В этом же направлении действует и один из законов эволюции, состоящий в том, что самые новые достижения эволюции распределяются по социуму наиболее неравномерно. У разумного существа разум как раз оказывается последним эволюционным достижением, и природа очень неравномерно распределяет разум по существам.

Кризис вызывается тем, что достижения гениев неизбежно оказываются также и в руках идиотов и моральных уродов, и по законам естественной эволюции это неизбежно. Лишь когда наука обращает свои достижения на ликвидацию этой диспропорции, и общество осознаёт необходимость и устанавливает дополнительную связь между возможностями, предоставляемыми индивидууму, и уровнем его личного развития, тогда цивилизация не падает в дикость, а развивается и совершает рывок в межзвёздное пространство, в галактический космос. Для землян особенно важно обеспечить предельную этичность этой дополнительной связи, потому что приматы — стайные животные, и у вас есть природные инстинкты, обеспечивающие подчинение не самому разумному, а самому звериному.

Если все пойдет естественным путем, как было у нас на Альтаире, когда вы, на данном витке, созреете до понимания, не останется времени даже для того, чтобы придумать, что делать. Хотя и сейчас отдельные ваши умы высказывают верные идеи, объединив которые, можно было бы очень быстро прийти к правильным выводам, но их голоса буквально тонут в море заблуждений. На последующих витках вы успеете придумать, но не успеете воплотить. И так далее, вплоть до обретения очень высокого уровня разума, но на планете, почти лишенной самых необходимых ресурсов. Сейчас у Вас ведь далеко не все даже видят приближающийся кризис?

Кнышев:

— Я только чувствую, да и другие в массе своей не видят ничего конкретного. Пытаемся под свои интуитивные ощущения подвести хоть какое-то основание — фильмы— катастрофы, мрачные пророчества— но это, как мне кажется, лишь подчёркивает нашу беспомощность что-либо понять. Судя по тому, что времени до кризиса мало, а понимание зреет очень медленно, мы на одном из ранних витков?

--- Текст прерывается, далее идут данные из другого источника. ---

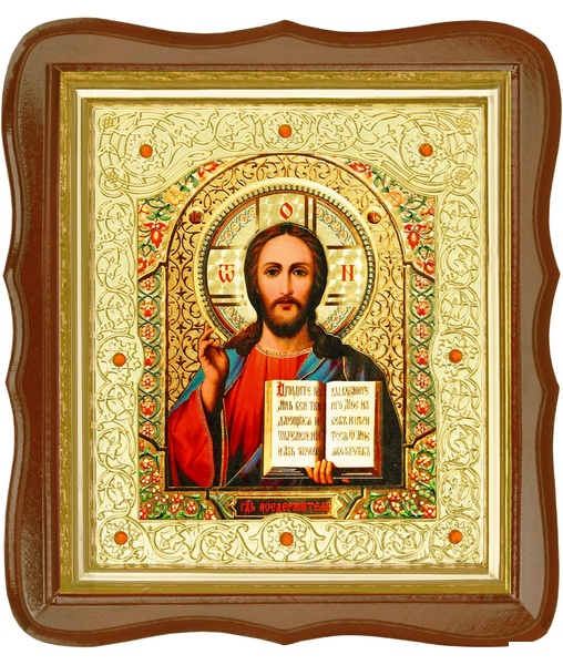 Икона Господь Иисус Христос 20-ФС-19 26х29 см деревянный фигурный светлый киот, лик 15х18 Софрино эмаль, оклад (риза) золото

— Вы очень точны, наши оценки в общем такие же. И артефактов старых у вас еще почти нет, вы даже склонны приписать эти немногие остатки скорее пришельцам, чем самим себе на предыдущих витках, коих было до сих пор всего несколько, может, даже только один.

Кнышев немного удивился: — Но я так понимаю, что чем больше предыдущих витков, тем проще ваша задача. Зачем же вы сами себе усложняете работу?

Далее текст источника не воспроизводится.